Joseph Brown Ladd

Nonfiction Writer and Poet

  • Born: July 7, 1764
  • Birthplace: Newport, Rhode Island
  • Died: November 2, 1786
  • Place of death: Charleston, South Carolina

Biography

Joseph Brown Ladd was a poet representative of the transition from classicism to preromanticism. He was born in Newport Rhode, Island, in 1764, the eldest son of William and Sarah (Gardner) Ladd. Ladd’s father was a soldier in the American Revolution and a member of the Rhode Island legislature. Ladd was obviously prodigious, publishing his first poem, “Invocation to the Almighty,” in the Newport Mercury when he was ten years old. He was educated at private schools in Newport. When he was fourteen, he found a job with a mercantile business, but he disliked it and left for a job at a printing shop. About this time he began writing ballads and satirical verse. After one satire offended a prominent theologian, his father removed him from the printing shop and Ladd started medical studies.

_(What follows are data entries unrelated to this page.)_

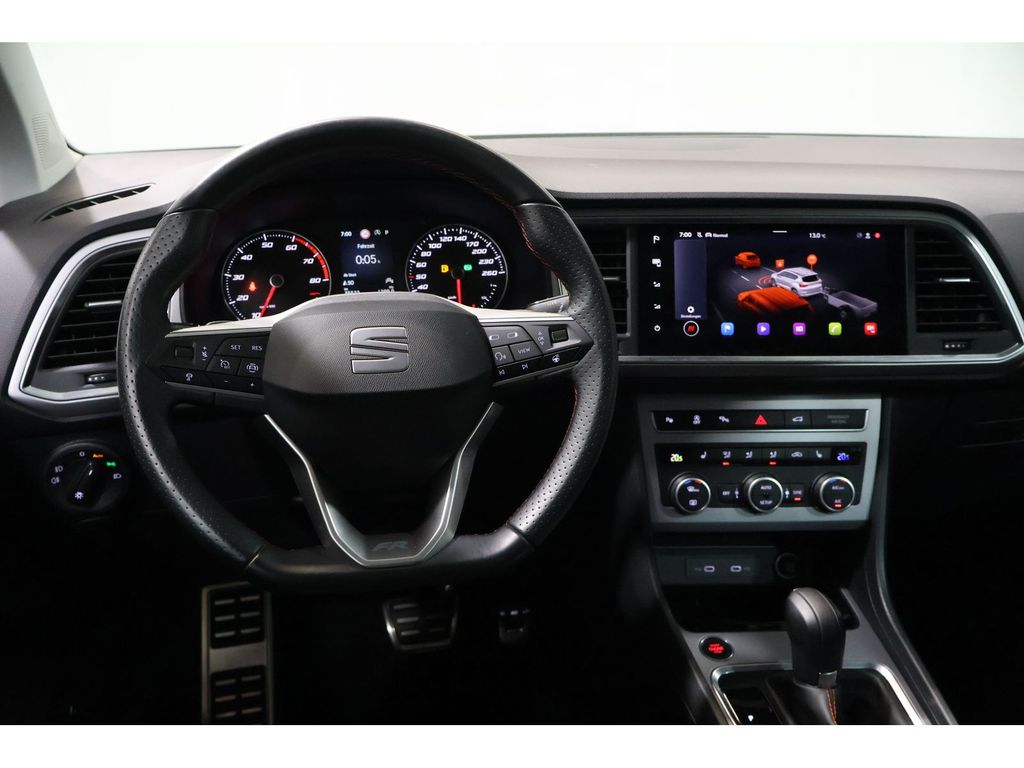 Innenraumlicht-Paket LED, Ambiente-Beleuchtung LED, Fußraumbeleuchtung vorn LED, Scheinwerfer Voll-LED, Leuchtweitenregelung automatisch, Bluetooth-Schnittstelle mit Freisprecheinrichtung integriert, Bluetooth Audio-Streaming, SEAT Media-System Plus, Audiosystem mit Touchscreen-Farbdisplay, Radioempfang digital (DAB+), USB-Schnittstelle vorn (2-fach, Typ C), Mobile Online Dienste Seat Connect, Fahrassistenz-System: Fahrprofilauswahl (SEAT Drive Profile), Progressivlenkung, Modellpflege, Einstiegsleisten beleuchtet, Außenspiegel elektr. verstell-, heiz- und anklappbar mit Spiegelabsenkung, Außenspiegel grau, Dachreling, Blinkleuchten LED in Außenspiegel integriert, Nebelscheinwerfer LED mit Abbiegelicht, Heckleuchten LED mit dynamischem Blinklicht, 3. Bremsleuchte, Tagfahrlicht LED, Heckspoiler Wagenfarbe, Stoßfänger FR-Design, Wärmeschutzverglasung, Seitenscheiben hinten und Heckscheibe abgedunkelt, Notrufsystem, USB-Ladeanschlüsse (2-fach, Typ C) für 2.Sitzreihe, Bordcomputer, Reifenkontroll-Anzeige, Kopf-Airbag-System, Pedale Aluminium-Design, Knieairbag Fahrerseite, Airbag Fahrer-/Beifahrerseite, Seitenairbag, Airbag Beifahrerseite abschaltbar, Mittelkonsole vorn mit Mittelarmlehne, Becherhalter, Ablagebox und Luftdüsen hinten, Mittelarmlehne hinten, Gepäckraumabdeckung / Rollo, Klimaanlage Climatronic 2-Zonen, Sitz vorn links höhenverstellbar, Sitz vorn rechts höhenverstellbar, Ablagetasche an Vordersitzlehnen, Lendenwirbelstütze Sitz vorn links, verstellbar, Lendenwirbelstütze Sitz vorn rechts, verstellbar, Rücksitzlehne geteilt/klappbar (1/3-2/3), Fensterheber elektrisch vorn + hinten mit Komfortschaltung, Zentralverriegelung mit Fernbedienung, Schließ-/Startsystem Kessy, Kofferraumbeleuchtung, Handschuhfach beleuchtet, Sonnenblende links mit Spiegel (beleuchtet), Sonnenblende rechts mit Spiegel (beleuchtet), Wegfahrsperre (elektronisch), Doppeltonhorn, Steckdose (12V-Anschluß) vorn, Verzurrösen Koffer-/Laderaum, Schalt-/Wählhebelgriff Leder, Isofix-Aufnahmen für Kindersitz, Brillenfach, Stau-/Ablagefach unter Sitz vorn links, Anti-Blockier-System (ABS), Parkbremse elektrisch mit Auto-Hold-Funktion, Fahrassistenz-System: Umfeldbeobachtungssystem (Front assist) mit City-Notbremsfunktion, Fahrassistenz-System: Müdigkeitserkennung, Reifen-Reparaturset, Servolenkung elektronisch gesteuert (Servotronic), Elektron. Querdifferentialsperre (XDS), Elektron. Stabilitätskontrolle (ESC), Antriebs-Schlupfregelung (ASR), Fahrassistenz-System: Berganfahr-Assistent (Hill-Holder), Schadstoffarm nach Abgasnorm Euro 6d, Otto-Partikelfilter (OPF), Karosserie: 5-türig, Antriebsart: Allradantrieb, Radstand 2630 mm, Getriebe 7-Gang - Doppelkupplungsgetriebe DSG.
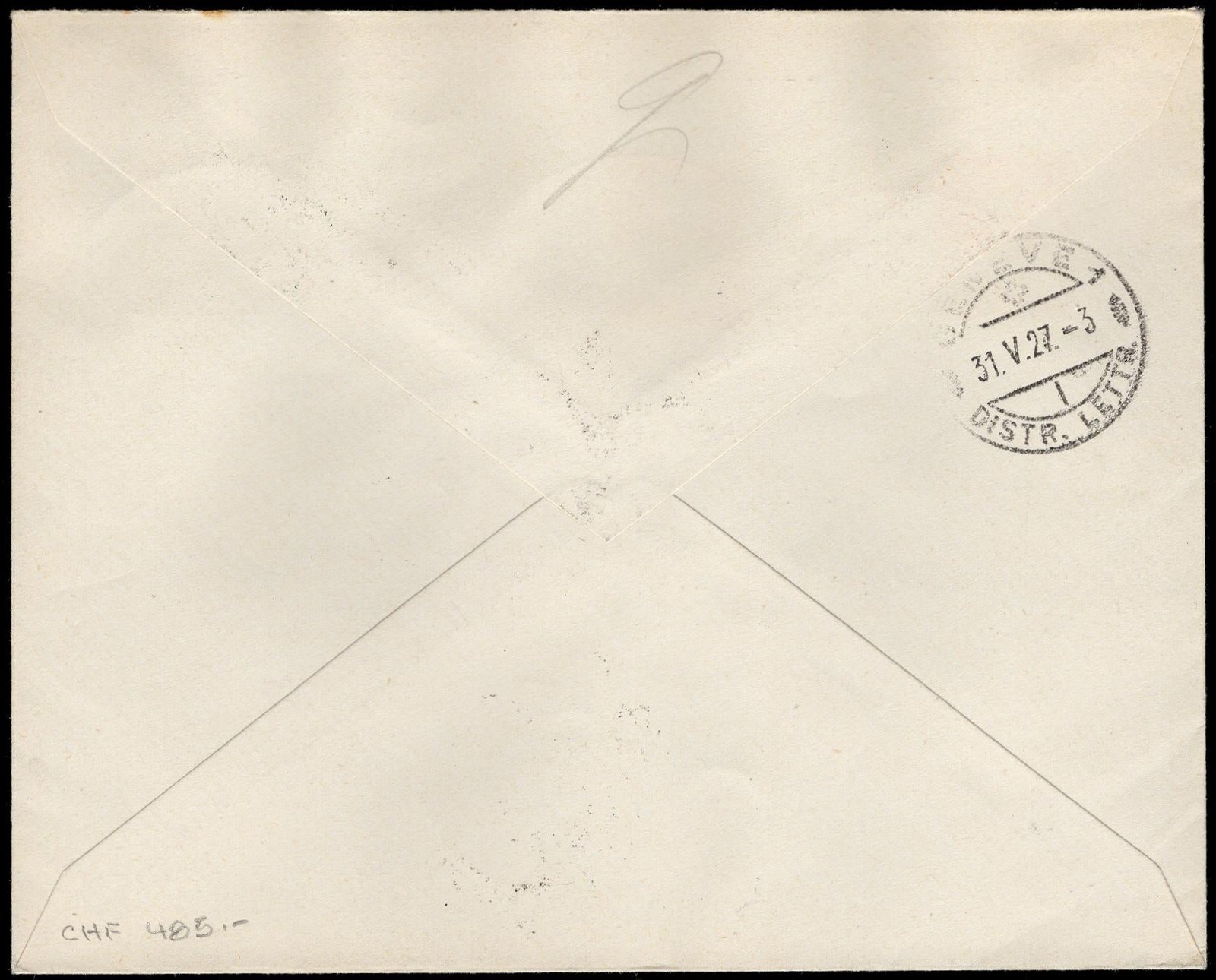 Switzerland 1927 (May 5) Registered Airmail Cover with Zumstein S26, 10rp + 10rp Interspace Pair with tête bêche pair and 15rp airmail. Sfr 450.00
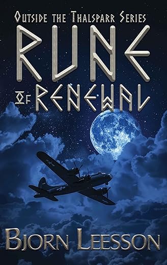 Rune of Renewal by Bjorn Leesson sets the stage with its cover decked out in blue. Set against the night sky, Rune of Renewal clues readers into the time period which this book will be taking place. In the foreground is an old-school military plane most known for its usage during the era of World War II. Behind the plane is a bank of clouds spread across the sky. The clouds give the appearance of either a storm breaking up or a storm brewing as the sky is clear behind them with the full moon rising.
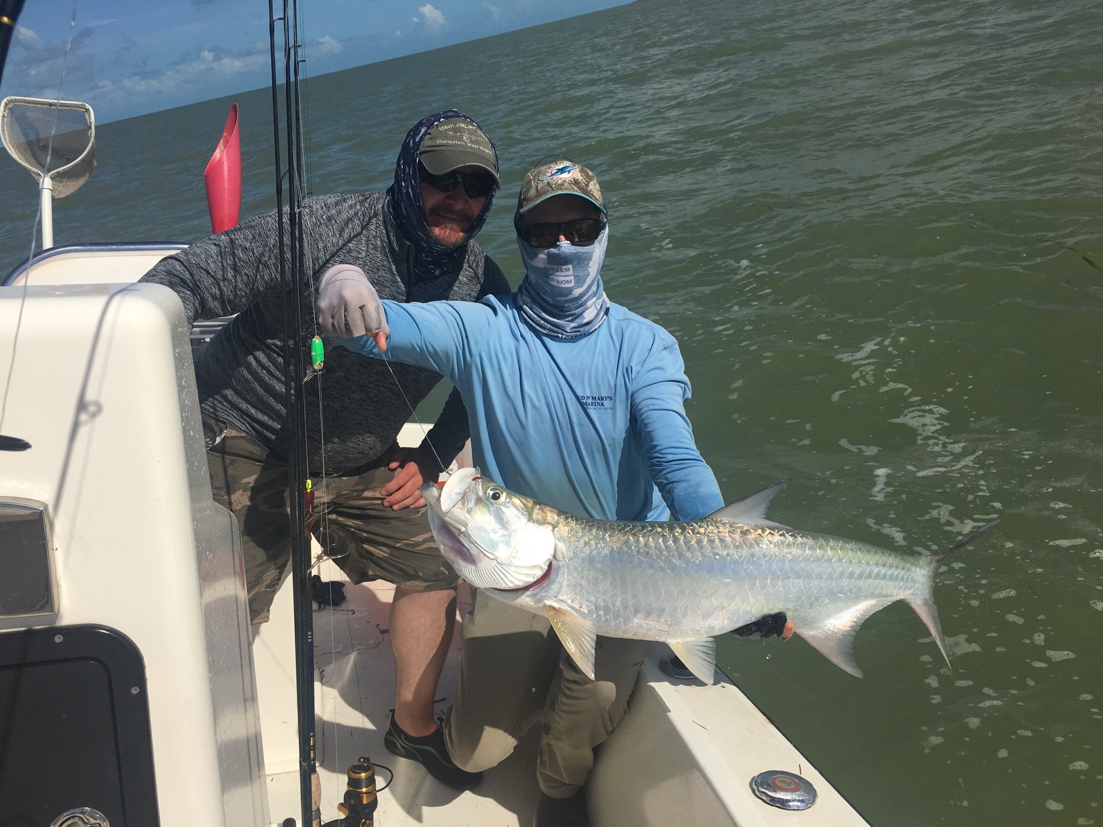 P.S. We normally do not lift tarpon out of the water, however if they are under 40 inches you are still allowed to (carefully). We just make sure not to handle them too much and take them out quickly for a picture and release them. We are not letting them flop around on the boat much, not wiping too much slime off, and not hanging them by their gills for long but supporting their belly (as you should with all fish you don’t plan on killing).
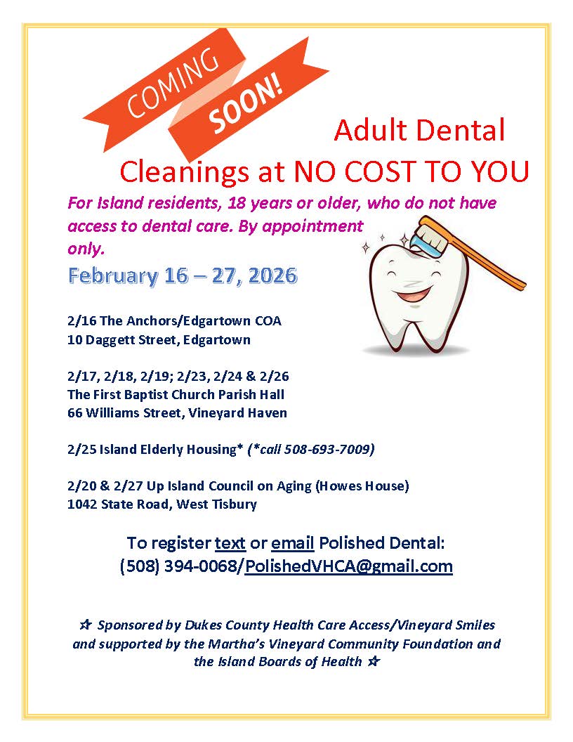 Vineyard Smiles is a program of the Dukes County Health Access Program, provided by Ellen Downing Gould, RDH of Polished Teeth, a Permitted Portable Dental Operatory. MassHealth values adult cleaning and screening at an $80 reimbursement value. Vineyard Smiles is supported by the generosity of the Martha’s Vineyard Community Foundation and the Island Boards of Health.
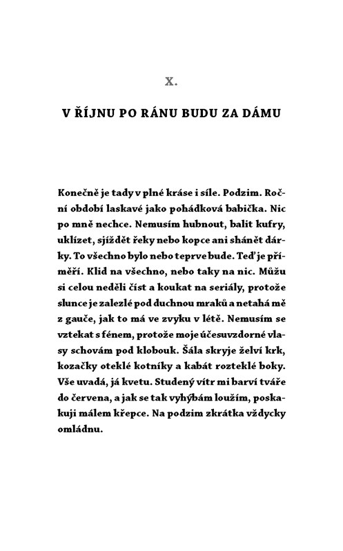 Jsem hezká, ale ne Barbie, jsem chytrá, ale ne intelektuálka, jsem vtipná, ale ne za každou cenu. Takovou ženu by chtěl každý muž. Než však k této dokonalosti žena dozraje, stihnou se jí zpravidla kromě obzorů rozšířit i boky a kromě životních zkušeností prohloubit vrásky. Tak co je vlastně nejdůležitější? Přece nadhled, humor a zážitky. A o tom tahle knížka je. Potkáte se v ní s ženou bez make-upu, bez iluzí, bez krajek. Zato opravdovou a především velmi, velmi důvtipnou.
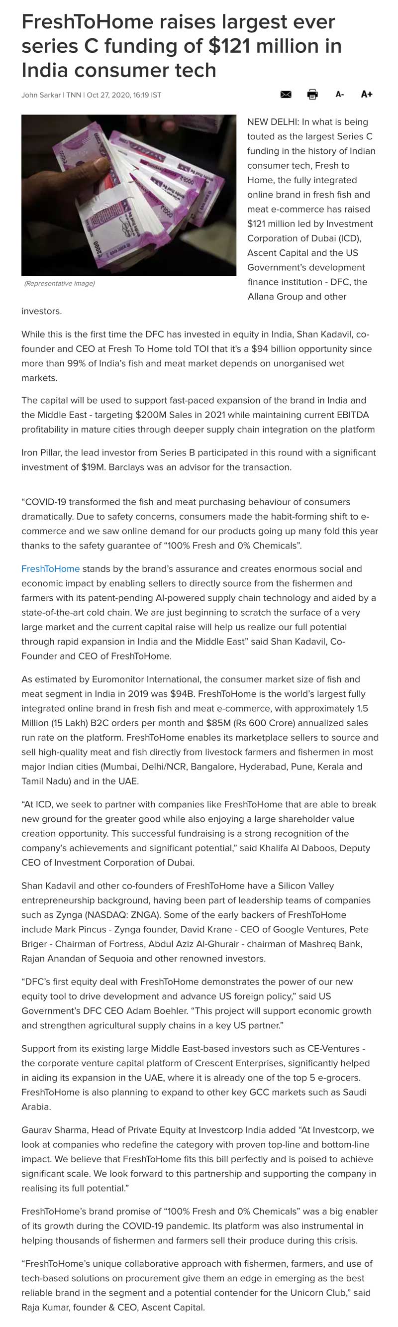 October 28, 2020 By Mahesha News FreshToHome raises largest ever series C funding of $121 million in India consumer tech Mahesha October 28, 2020 SOURCE Related
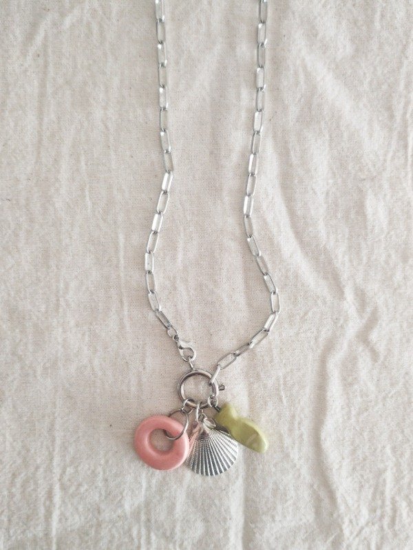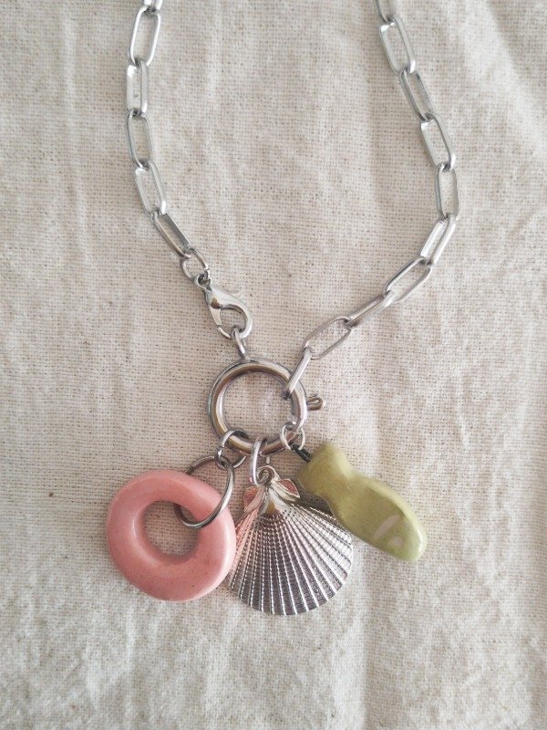 • Material: cadena de acero quirúrgico + dije de cerámica con esmalte cristal + dije de acero.
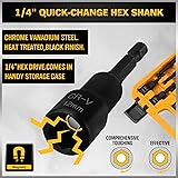 【SUPERIOR MAGNETISM】 ELEAD 47-piece magnetic nut driver & screwdriver bit set employs a strong magnetic process for superior bit retention, using gravity pressing to inlay magnets, preventing drop-offs and enhancing longevity. 【EXCEPTIONAL QUALITY】 Each impact driver bit is crafted from CR-V steel for superior shock resistance and hardness. Drill bits are made of high-quality S2 alloy steel, with sturdy hardened & tempered construction, all blackened by manganese phosphate for wear, oxidation, and corrosion resistance. 【COMPREHENSIVE VARIETY】 The magnetic nut driver set boasts 16 pieces, including Metric and SAE sizes, as well as drill bit adapters and extensions, making it versatile enough for a wide range of applications. 【VERSATILE BITS】 Our magnetic screwdriver bit set includes Phillips, Slotted, Hex, Pozidriv, and Torx, compatible with 1/4" socket and drills, alongside a ratchet wrench, ensuring you're equipped for any task. 【CLEAR IDENTIFICATION】 The size of each nut driver is engraved using a powerful roller stamping machine, ensuring easy identification and durability. The bit holder outperforms competing products in storage and organization, preventing scattering and breakage.
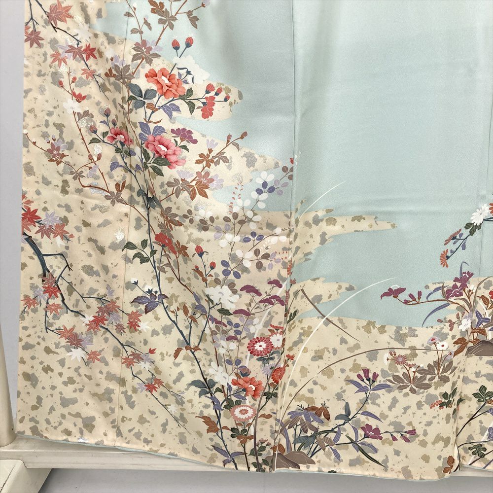 (中古) 訪問着 水色 ミントグリーン フォーマル 四季花 金彩 袷 絹 【身丈】150cm【裄丈】64cm

While he studied medicine for the next four years, he also immersed himself in philosophy, classical literature, and science, and began writing serious poetry when a doomed love affair inspired him. He received his license to practice medicine in 1783, and moved to Charleston, South Carolina In Charleston, he became a respected physician and man of letters, publishing poems regularly in the Charleston Columbian Herald. Ladd received the greatest recognition for his poetry on nationalistic themes, and his most popular poem was “Prospect of America.”

A book of Ladd’s poetry, The Poems of Arouet (1786), was published the year he died; the volume features love poems from Arouet to Amanda, with Ladd identifiable as Arouet. Ladd’s work contains references to Johann Wolfgang van Goethe and William Collins, with some descriptive methods similar to the work of Thomas Gray and Oliver Goldsmith. He accepted a challenge to a duel and died of his wounds in 1786, when he was twenty-two years old. Without a mature body of work, his poems are more important for their historical interest than for their merit.